» **Assigned task**: Below is a listing; retype exactly the lines between the one containing "Бутылочка для кормления" and the one containing "报告称,仅在2010年—20", inclusive, minus the pictures.

» **Recorded data**:
::::
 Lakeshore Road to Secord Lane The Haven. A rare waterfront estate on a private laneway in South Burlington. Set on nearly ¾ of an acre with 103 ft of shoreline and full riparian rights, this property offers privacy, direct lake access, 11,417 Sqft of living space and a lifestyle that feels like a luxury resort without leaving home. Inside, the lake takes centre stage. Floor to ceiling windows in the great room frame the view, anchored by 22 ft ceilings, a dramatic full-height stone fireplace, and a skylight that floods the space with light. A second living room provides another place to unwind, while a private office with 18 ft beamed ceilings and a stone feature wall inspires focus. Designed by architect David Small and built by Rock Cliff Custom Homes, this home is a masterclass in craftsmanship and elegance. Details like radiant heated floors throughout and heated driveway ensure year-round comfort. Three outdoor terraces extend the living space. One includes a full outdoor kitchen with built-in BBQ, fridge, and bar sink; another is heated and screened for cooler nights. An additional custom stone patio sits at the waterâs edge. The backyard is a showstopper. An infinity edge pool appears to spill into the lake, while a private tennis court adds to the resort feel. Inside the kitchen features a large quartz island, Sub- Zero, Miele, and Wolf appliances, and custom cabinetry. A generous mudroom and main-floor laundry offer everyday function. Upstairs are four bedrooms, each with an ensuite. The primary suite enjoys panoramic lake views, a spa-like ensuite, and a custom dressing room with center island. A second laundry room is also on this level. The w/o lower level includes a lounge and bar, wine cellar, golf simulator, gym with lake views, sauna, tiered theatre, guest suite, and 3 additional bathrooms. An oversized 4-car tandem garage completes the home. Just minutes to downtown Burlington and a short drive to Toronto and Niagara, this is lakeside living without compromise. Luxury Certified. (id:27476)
::::
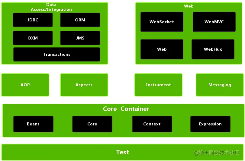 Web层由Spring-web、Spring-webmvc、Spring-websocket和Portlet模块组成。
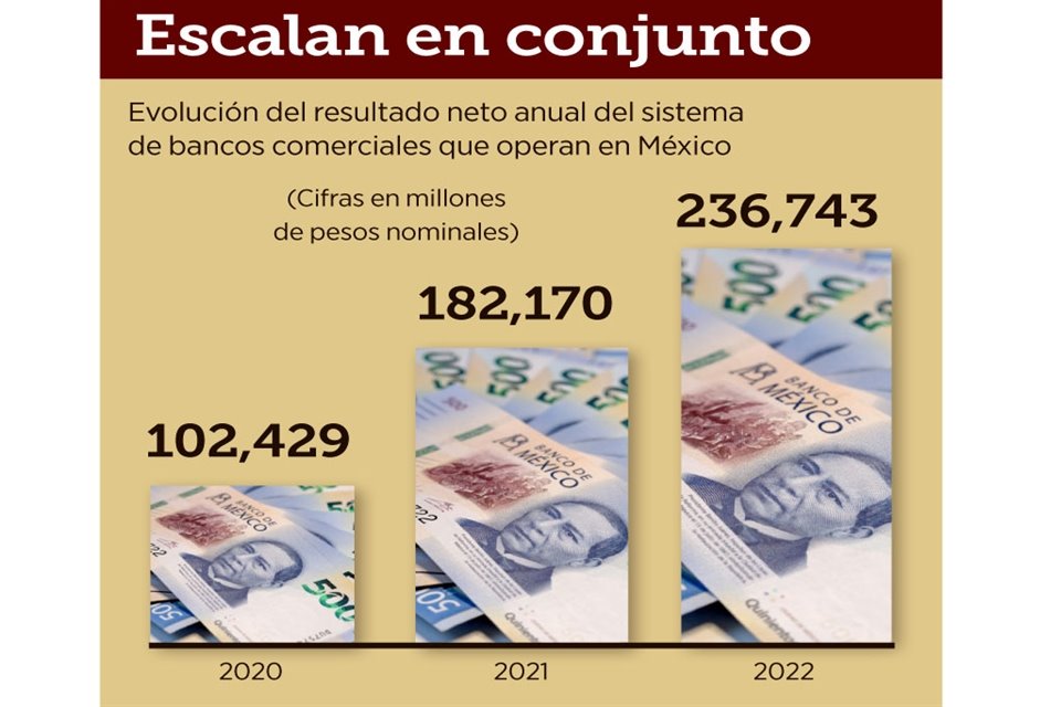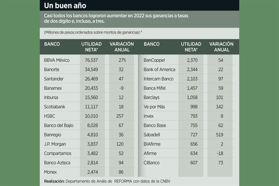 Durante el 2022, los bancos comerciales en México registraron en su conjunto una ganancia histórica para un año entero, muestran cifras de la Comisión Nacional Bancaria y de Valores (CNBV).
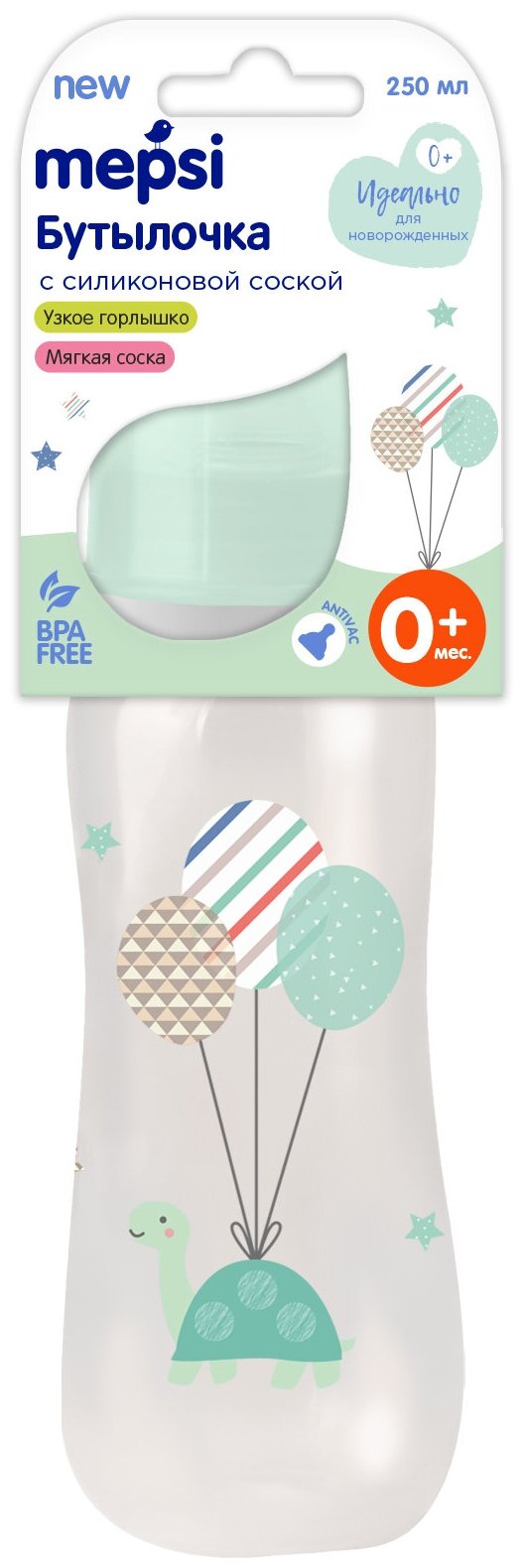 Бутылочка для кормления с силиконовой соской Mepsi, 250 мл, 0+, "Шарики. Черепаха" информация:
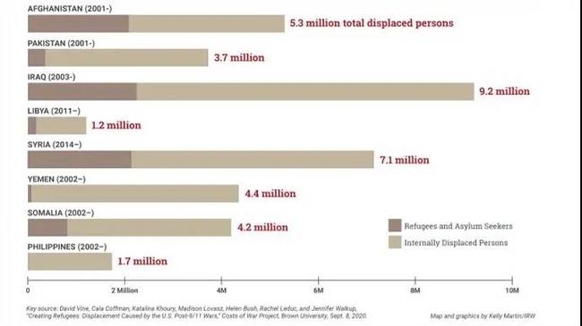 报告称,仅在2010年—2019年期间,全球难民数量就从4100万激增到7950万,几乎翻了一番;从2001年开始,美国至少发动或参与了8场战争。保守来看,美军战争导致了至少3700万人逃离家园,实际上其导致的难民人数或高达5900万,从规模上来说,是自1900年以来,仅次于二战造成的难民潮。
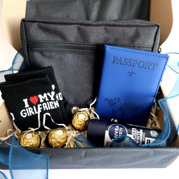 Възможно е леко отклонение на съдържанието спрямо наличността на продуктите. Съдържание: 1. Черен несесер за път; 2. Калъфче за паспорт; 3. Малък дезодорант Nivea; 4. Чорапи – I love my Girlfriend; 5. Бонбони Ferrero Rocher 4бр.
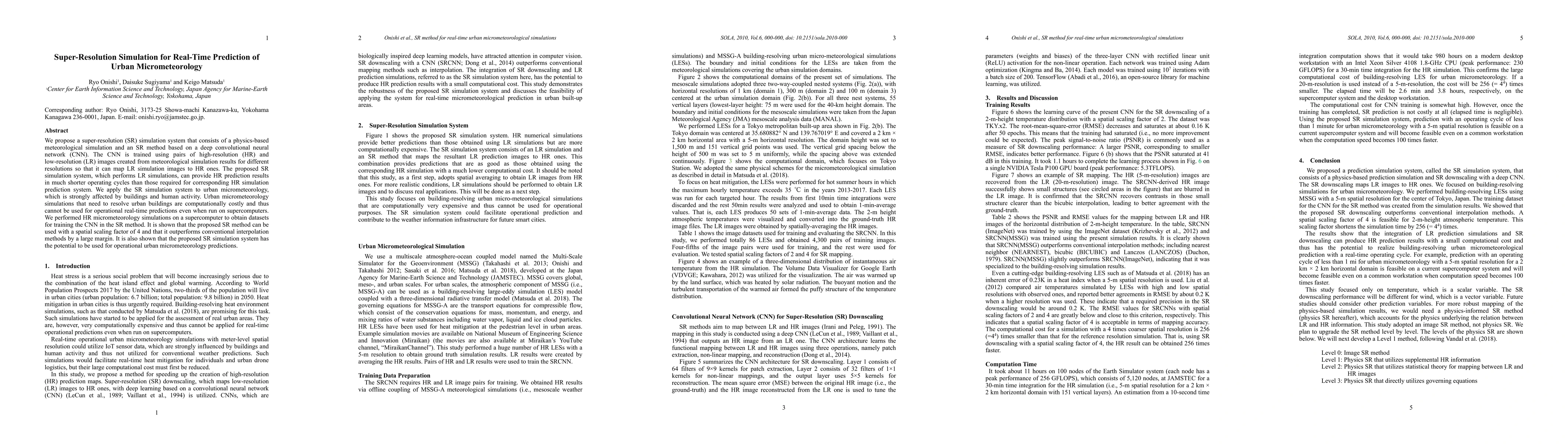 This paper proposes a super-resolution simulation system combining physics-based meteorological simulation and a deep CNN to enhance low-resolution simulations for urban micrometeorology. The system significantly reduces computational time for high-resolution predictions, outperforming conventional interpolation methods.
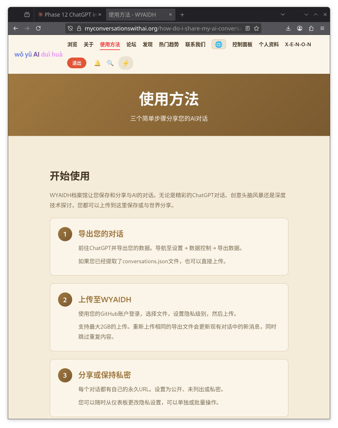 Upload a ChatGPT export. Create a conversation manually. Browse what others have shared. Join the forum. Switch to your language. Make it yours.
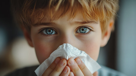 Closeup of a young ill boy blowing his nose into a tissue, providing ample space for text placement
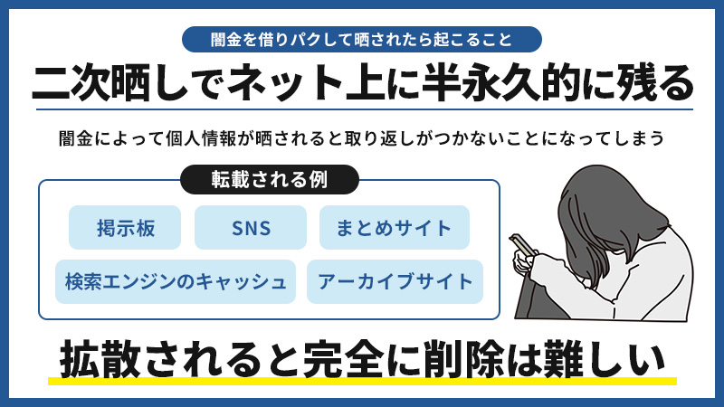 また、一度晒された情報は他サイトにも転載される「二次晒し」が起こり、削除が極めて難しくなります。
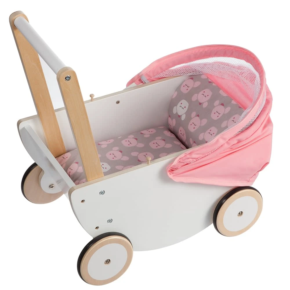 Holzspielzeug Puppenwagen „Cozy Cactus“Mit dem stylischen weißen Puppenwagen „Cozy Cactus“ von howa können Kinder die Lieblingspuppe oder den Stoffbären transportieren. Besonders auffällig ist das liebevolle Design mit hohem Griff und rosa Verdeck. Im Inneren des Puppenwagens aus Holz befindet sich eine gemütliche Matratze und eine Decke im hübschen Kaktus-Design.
::::
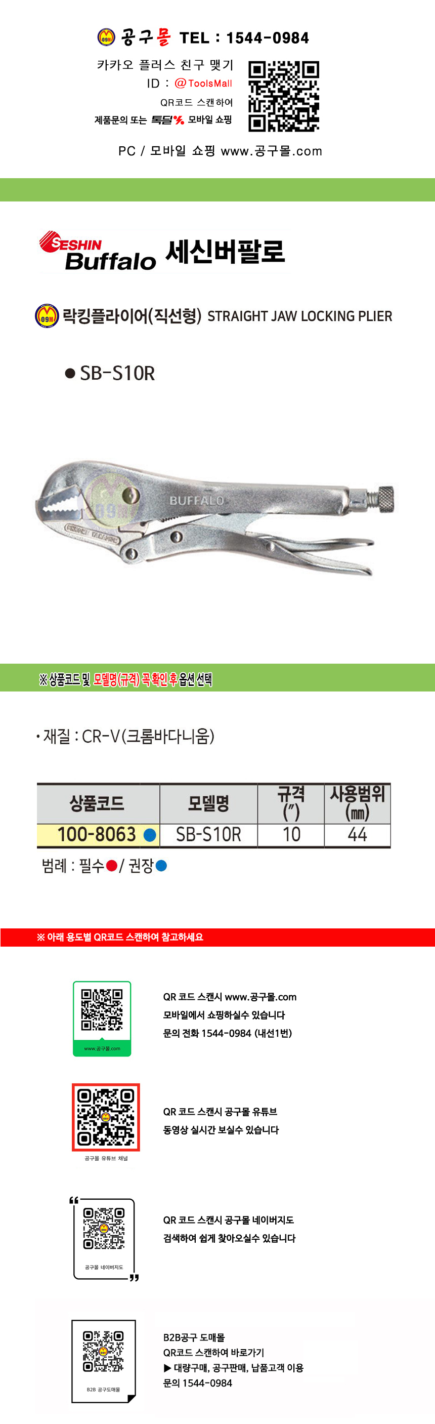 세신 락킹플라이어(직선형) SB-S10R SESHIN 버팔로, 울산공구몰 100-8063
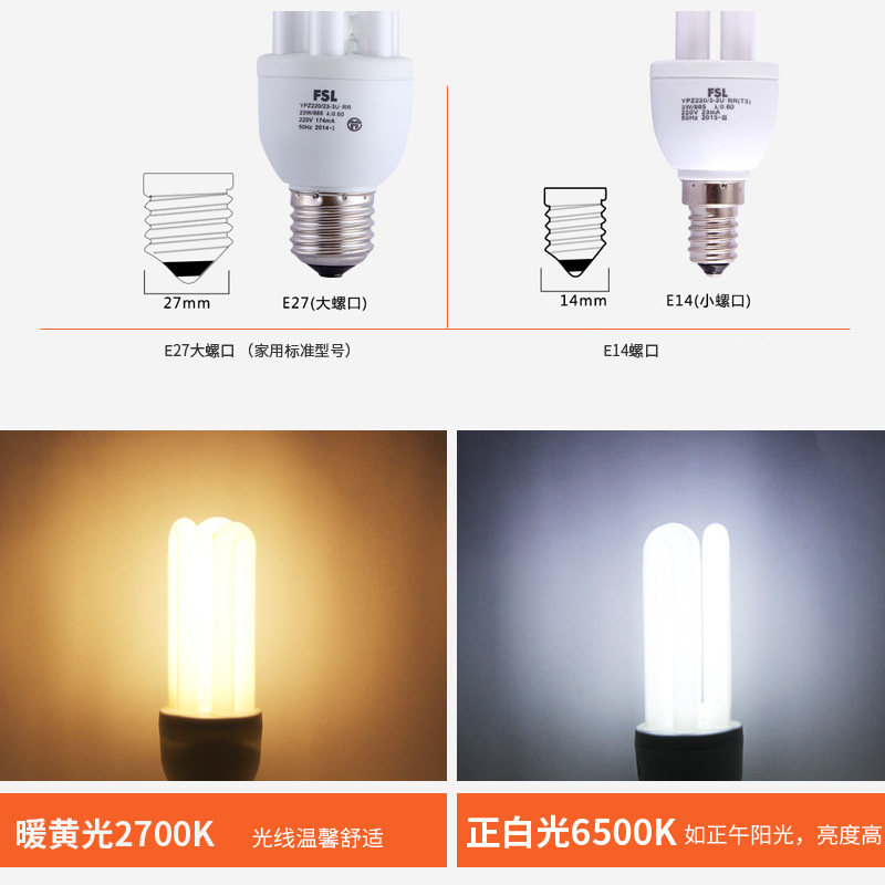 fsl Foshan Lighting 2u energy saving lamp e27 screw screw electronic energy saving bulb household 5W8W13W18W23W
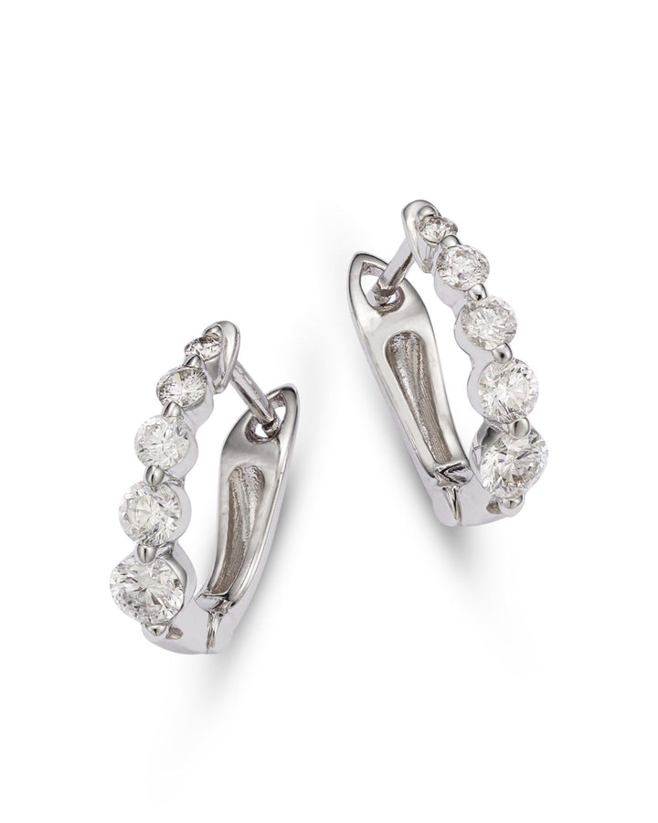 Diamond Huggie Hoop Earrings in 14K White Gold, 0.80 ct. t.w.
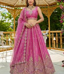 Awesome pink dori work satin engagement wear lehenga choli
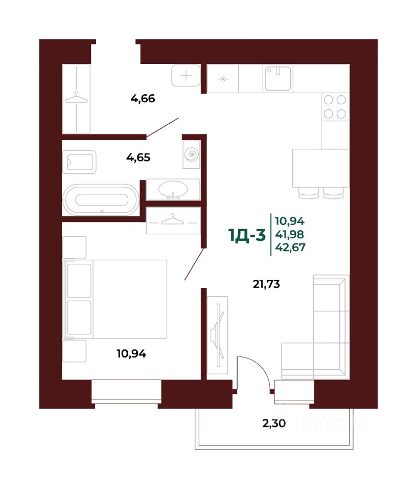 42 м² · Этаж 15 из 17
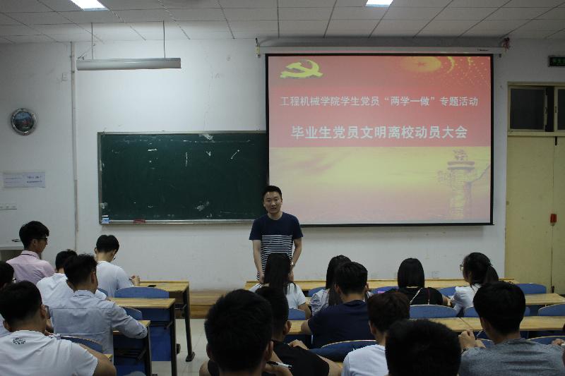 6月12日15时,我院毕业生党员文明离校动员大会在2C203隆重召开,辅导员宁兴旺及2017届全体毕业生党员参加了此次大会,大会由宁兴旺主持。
::::
» **Answer for the task**:
 Бутылочка для кормления с силиконовой соской Mepsi, 250 мл, 0+, "Шарики. Черепаха" информация:
 报告称,仅在2010年—2019年期间,全球难民数量就从4100万激增到7950万,几乎翻了一番;从2001年开始,美国至少发动或参与了8场战争。保守来看,美军战争导致了至少3700万人逃离家园,实际上其导致的难民人数或高达5900万,从规模上来说,是自1900年以来,仅次于二战造成的难民潮。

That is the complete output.